No complaining... It wouldn't look good to say this whole thing is exhausting and i feel my train might derail soon. It would look awful to admit that organizing the baby food plus the breast feeding plus the general baby care is secretly ploughing a tunnel of crazy tiredness through my brain, and i can't think straight for too long.

Don't get me wrong. Looking at Bruno in his high chair, staring intently at the green plastic spoon and then pulling the funniest disgust face when the food touches his lip is both hillarious and beautiful. It's a milestone. It's our baby growing up before our eyes.

But i have to say something. I have to confess. I could do with a good night sleep to recover from the solid (food) work. Or a family chef. Or a shampoo that actually keeps my hair clean. Or maybe the fairies could come visit and leave a bit of self house cleaning magic dust on their way out. Though just the one night sleep would do, really.

Please excuse my moaning.

October 19, 2005


It takes some training
No one said becoming a gourmet was easy. The picture illustrates Muffin's first attempt with the banana. Not happy. Yesterday, we had another go. Not happy. I blended it with a little orange juice. He showed a slight interest and then pretended to vomit.

October 10, 2005

Biting news
I discovered them on Friday morning. Two whiter than white hiphens standing out in the middle of his lower lip. Ladies and gentlement, the teeth. There they were, fighting back against the side of my thumb in Bruno's mouth.



To celebrate and coinciding with the date in the calendar (almost 5 and a half months old), i decided to let him try his first piece of fruit. The chosen was a pear.

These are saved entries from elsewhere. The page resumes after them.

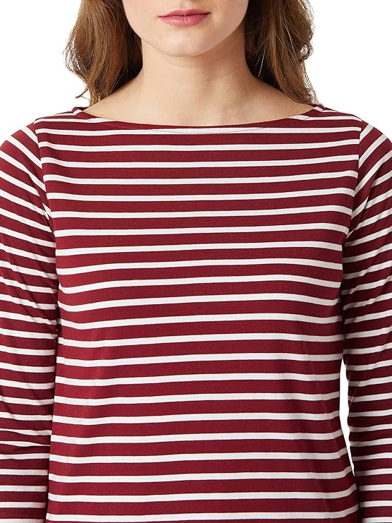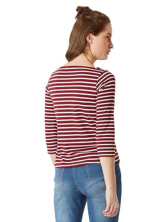 Maroon and white striped cotton regular fit T-Shirt and top, has boat neck and three quarter sleeves.
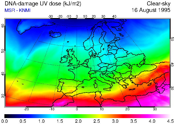DNA-damage UV dose of 16 August 1995
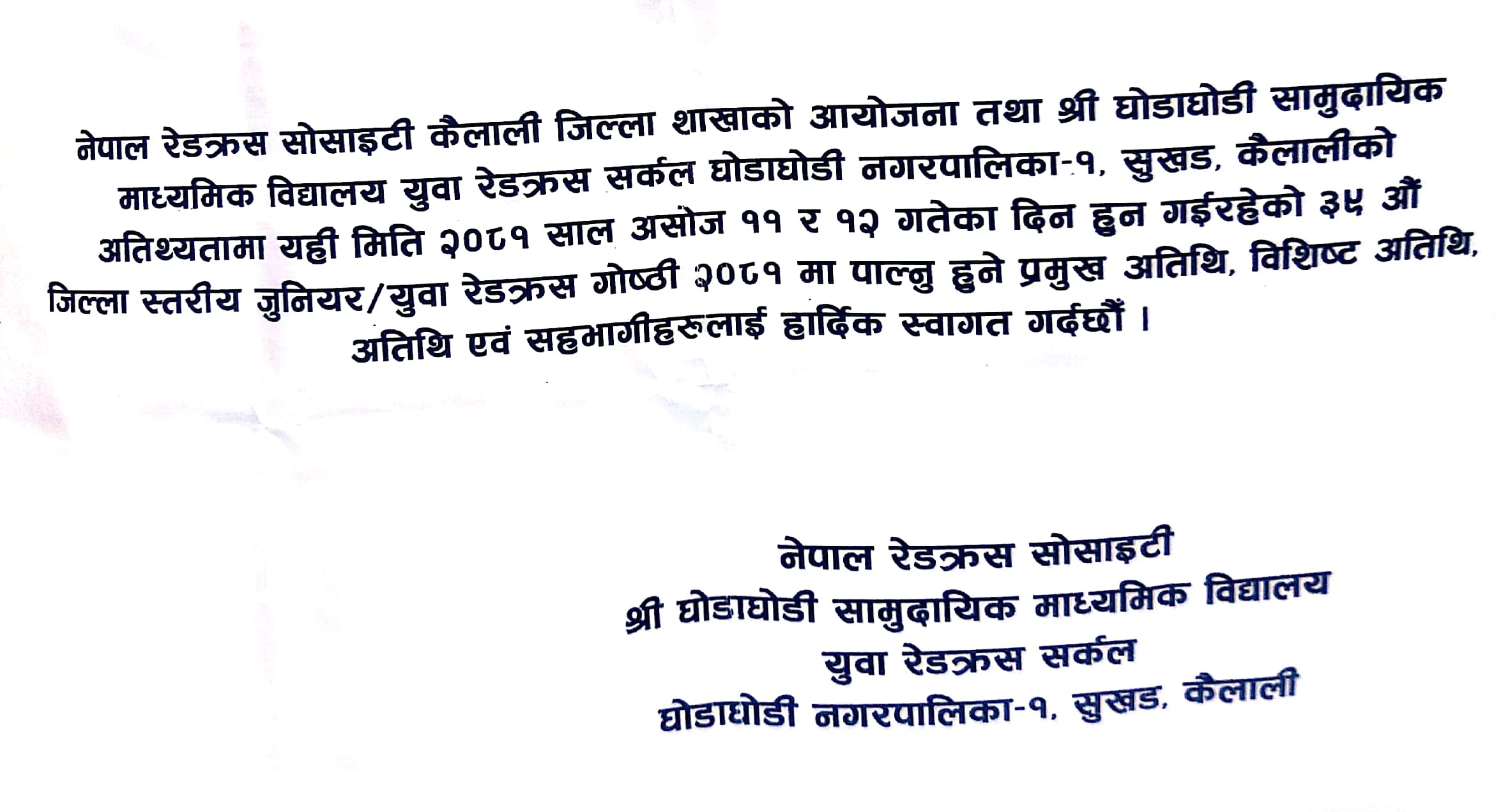 नेपाल रेडक्रस सोसाइटी कैलाली जिल्ला शाखाको आयोजनामा घोडाघोडी सामुदायिक मावि (GPSS School), घोडाघोडी नगरपालिका-१, सुखड, कैलालीमा जिल्ला स्तरीय जुनियर/युवा रेडक्रस गोष्ठी
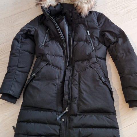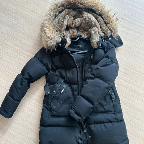 Cedrico dunjakke for dame i størrelse S. Jakken er brun og fylt med dun. Den har hette med pelskant, glidelåslukking foran og flere utvendige lommer med glidelås. Lengden går ned over hoftene for ekstra dekning. Passer som ytterjakke i kjøligere vær.
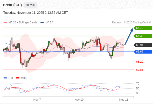 在 63.65 之上,看涨,目标价位为 64.35 ,然后为 64.70 。
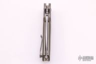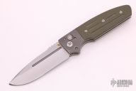 This Custom Dauntless Auto by Allen Elishewitz is a TAD Gear edition, it features a tumble finish blade with notched thumbrest and fullers. The handle bead blasted titanium bolsters, satin titanium liners, green G-10 scales, and a tip up bead blasted stainless steel pocket clip. Nice function, strong lock up, and blade seating is dead center. Includes a zippered case. #6 on blade. Has some scuffs/scratches, otherwise excellent condition. RARE AF
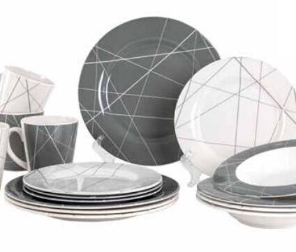 Rönne – Melamin Geschirrset in skandinavischer Schlichtheit für 4 Personen. lebensmittelecht temperaturbeständig bei max. 70°C für max. 2 Stunden spülmaschinengeeignet (bei niedriger Temperatur) Hinweis: Nicht geeignet für die Mikrowelle Technische Daten: Gewicht: 2,4 kg Material: Melamin Lieferumfang: 4 Dessertteller Ø20 cm 4 Essteller Ø25,5 cm 4 Suppenteller Ø21 cm, H 3,5 cm 4 Henkelbecher Ø6/9 cm, H 10 cm, 350 ml
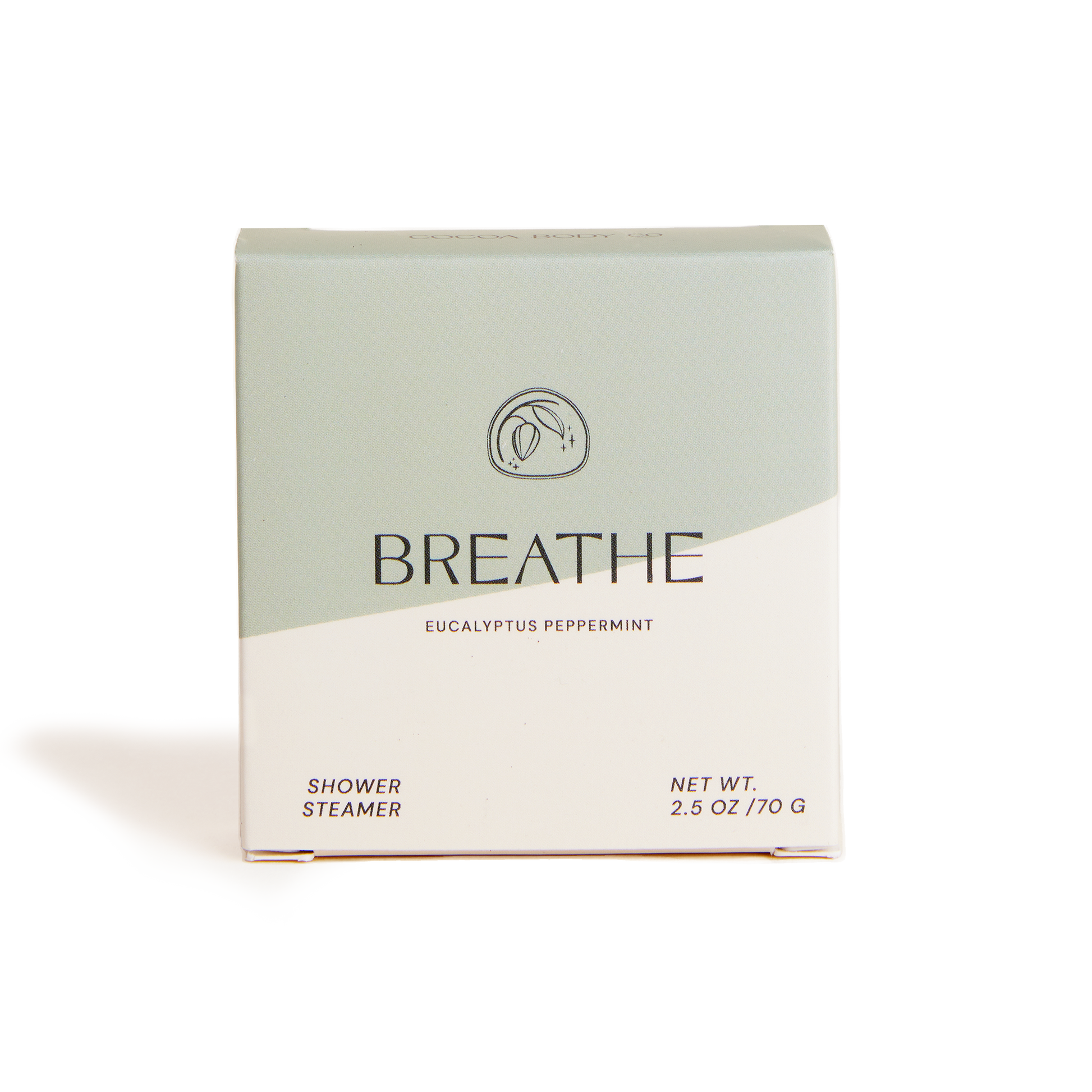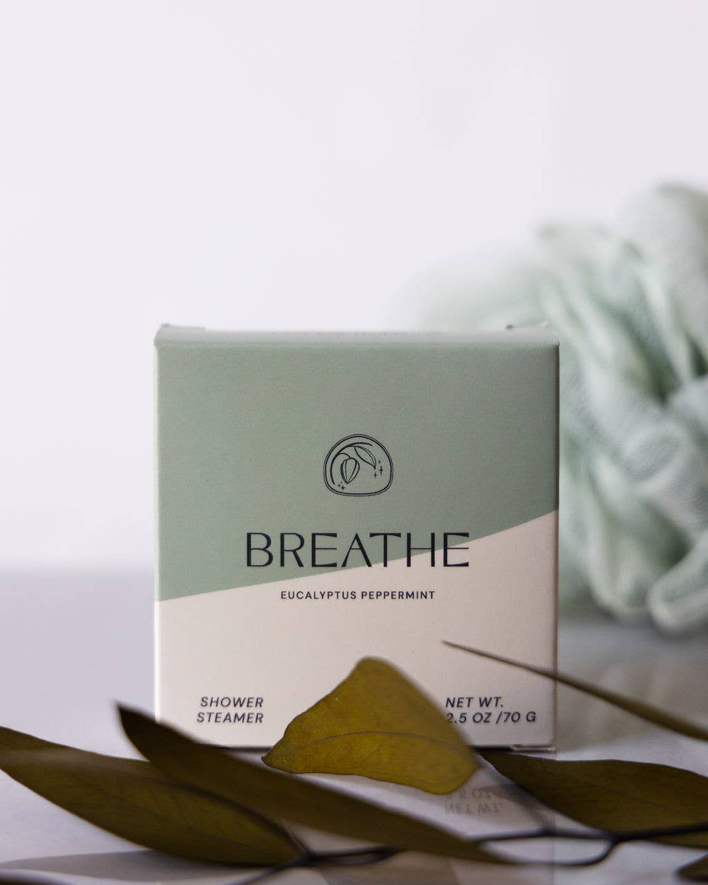 Let your shower be your refuge with our Breathe Shower Steamer that allows you to reset your body and experience the undeniable benefits of aromatic release. Inhale the relaxing blend of eucalyptus and peppermint and find peace while you cleanse your body and get ready for what’s ahead. It’s the perfect way to naturally calm your body from the inside out and let those feelings of fear and worry wash down the drain. Place steamer in the shower out of the direct stream of water. Apply a few drops of water to activate. Breathe deeply and enjoy. Warning: Due to the high concentration of essential oils this product is not safe for use on skin. Do not use in a bath. Keep away from moisture until you're ready to use. Ingredients: Sodium Bicarbonate, Citric Acid, Mentha arvensis (Peppermint) Oil, Eucalyptus Globulus Leaf Oil, Isopropyl Alcohol.

I gave it to him, washed and whole, for a while first. He played with it, licked it, talked to it, whispered. Then i offered him the mashed part. He toyed with it in his mouth for a bit, then proceeded to vomit water and give me odd looks. I figured we'd try it again some other time.



Two days later, i.e., last night, i was ready for round two. While Pablo was giving Muffin his bath plus lotion spa treatment, i prepared yet another pear for him. Pablo held the spoon this time. Bruno pulled the same faces at first, combining them with long body movements trying to avoid the plane of fruit flying towards his face.



After that, he relaxed. And ate.



And finished it. With his two teeth.

October 06, 2005

Stepping (mile)stones
This season has started with a few milestones in Muffin's (and our) life. After the Amazing Travelling Child, featuring Bruno flying to and from Los Angeles with hardly an ounze of tears, Baby started kindergarden yesterday. Big, huge step for all of us.

While we were on our trip, i watched in wonder how Bruno was becoming more and more active, sociable and accurate in his moves. They tell me this is what happens after the fourth month: babies stop being basically babies and they turn into complex little rascals, which is way more fun and just as tiring.

He makes a new range of sounds, he giggles a lot, he can eat both his feet at the same time, his grip is strong and able to hold an infinite variety of toys, small objects and plastic water bottles. He still ooohs and aahhs at the site of trees and flowers. If something shiny or glittery catches his eye, he inmediatly wants to hug it. Muffin stuff.

When we got back home, it was time for me to start hunting for a nice job and find appropiate day care. I'm still at the work search but the freelancing has kicked off again, so we signed Bruno up at a very cute preschool whose principal is a family friend. This means a little more confidence. Not a lot, though. But that's the way it goes.

Sure, i would've loved to stay with my baby forever and a day. It would be great to have the money and the time necessary to become a full time mum for a lifetime. Since this option is not applicable to our family now, and i'm not sure i could handle it without a big cost (can i put everything not-child-related away? for how long?), i've been having mininervous breakdowns for the past 10 days, and finally i built up the courage to cut the string between babe and me, at exactly 9.43 am yesterday morning.

Both Pablo and i took Muffin to his first day of preschool. We were nervous. He was sleepy from the car ride. We walked him with the school principal to his classroom. It is called the 'Sheep Class'. It has eight little cots. 8 coat hangers. 8 little squared shelves. And many playmats on the floor. The teacher beamed at us and took Bruno in her arms. I kissed his forehead and whispered i'd be back soon -he only stayed an hour and a half, to get started. Pablo and i thanked everyone and marched out the door. I was crying before i reached that car. Pablo reminded me to sit at the front.

It was sad and thrilling at the same time. I weeped for about five minutes. Then i went to get some breakfest with Pablo. And i spent the rest of the morning and afternoon with Arwen/Ona, who accompanied me to collect Bruno. He was fine. It was contagious. This morning i left him there again. I'm sure the heart shrinking feeling will pass before October ends. Another milestone.